What I was trying to say: where in imperative languages there is a
boundary between in-memory computations and I/O, equivalent semantic
boundary in functional languages is between stateful and stateless. I.
e. functional programming is a stateless way to control stateful world
(remember state-of-the-world-p? :)
> 2. I think that when you talk about "versioning", you come close to a
> useful way of thinking about mutable data in Haskell. My understanding
> is that the "classical" way (i.e. pre-monads) to think of mutable values
> in functional languages was to model them as a time-sequence of
> intermediate values, where a function to "update a state" returns the
> next value in that sequence. Expressed this way, a practical problem
> arises that the intermediate values don't (necessarily) go away,
> creating a potential for exploding storage requirements. (If, as with
> document versioning, you want to keep the intermediate values, then you
> need to figure a way to live with this; value sharing in pure
> functional languages is a big help here.) But often one is only
> interested in the "latest" or "current" value in the time-sequence.

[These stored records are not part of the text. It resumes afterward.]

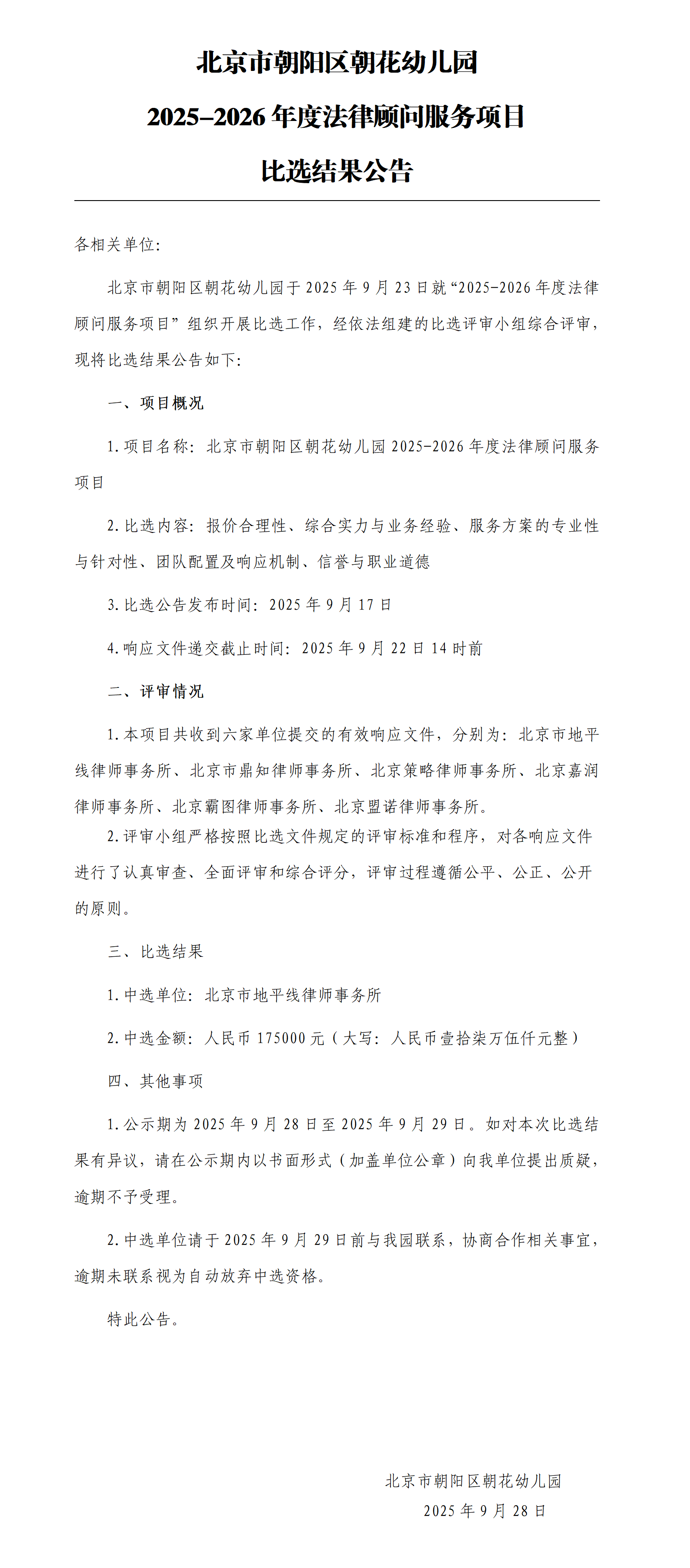 北京市朝阳区朝花幼儿园2025-2026年度法律顾问服务项目比选结果公告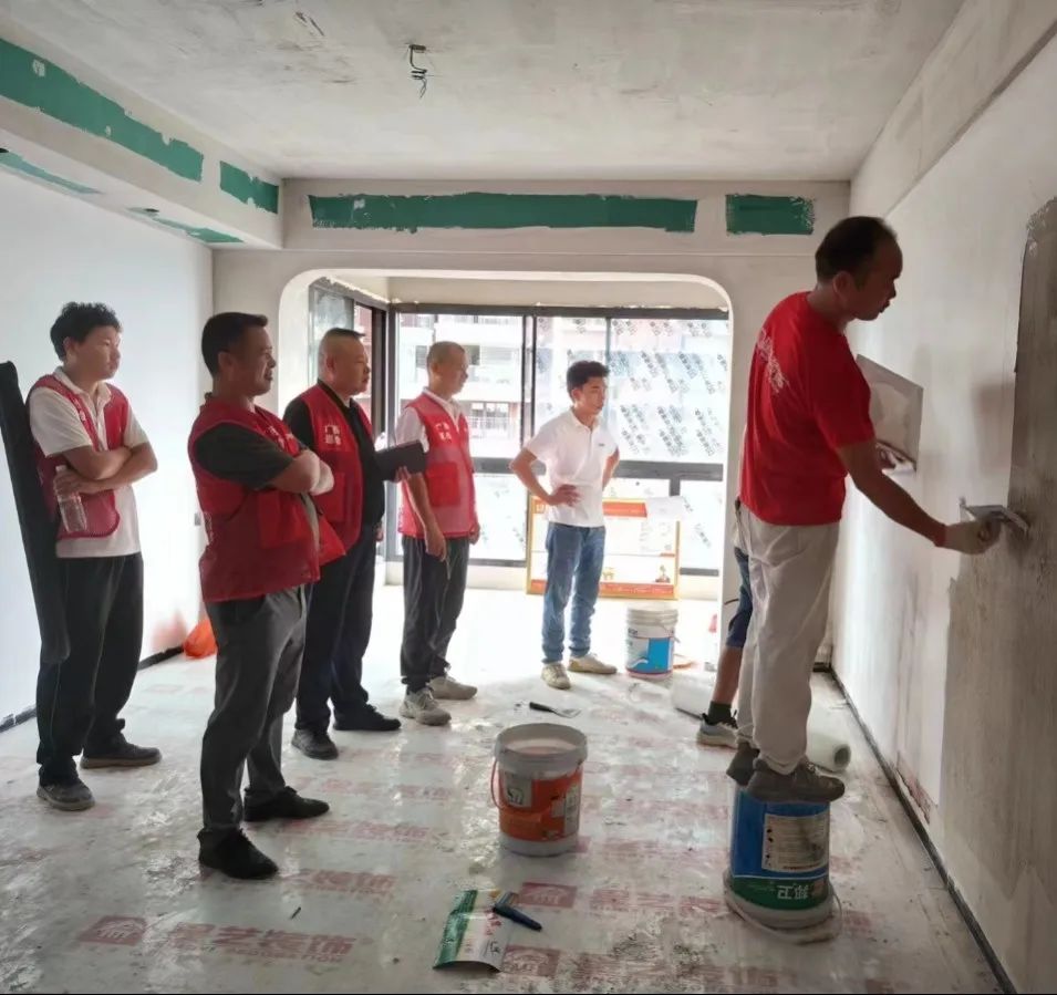 在檢查過程中,經(jīng)驗豐富的余工、吳工以及易經(jīng)理等一行人嚴格按照公司工程規(guī)范管理制度在工地上進行巡查,從墻面的平整度、用材的品質(zhì)到施工的工藝,幾位巡檢員現(xiàn)場溝通交流,上手檢查,連測帶量,精細到每一處細節(jié),力求保質(zhì)保量,為業(yè)主打造一個安全可靠的品質(zhì)新家。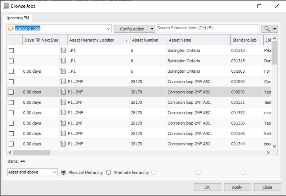 5. Select the jobs you wish to add and click OK. APM adds the standard tasks listed on each of the standard jobs to the work order.

> Monads provide a way of capturing this: the state is implicitly
> threaded through a sequence of computations (e.g. the expressions in a
> do-list), with old versions thrown away as new ones are created (unless
> the state is explicitly saved, which is not always possible).
I was writing about the same, but applied to persistent storage.
I meant that to store a new version, it is sufficient just to store a
seralized compiled expression which being applied to version N of an
object evaluates to its version N+1. In other words, store updates
lazily. If there are too many stored versions (or lazy evaluation takes
too much time), then at some moment of time the whole expression
(spanning down to the oldest stored version) may be deserialized, forced
to evaluate, serialized, and stored. Older versions may be discarded
after that (unless any other objects refer to them directly).
P.S. A question to those who needs mutable variables: has anybody tried
Manuel Chakravarty's Haskell Ports Library?
I spotted it today, but had no time to look at the code and/or try it.
According to its (rather sketchy) documentation, this library provides
some mechanisms to simulate varying values as time-sequences (lazy streams?)
Can anyone tell wether it is more/less functional/efficient than IORefs?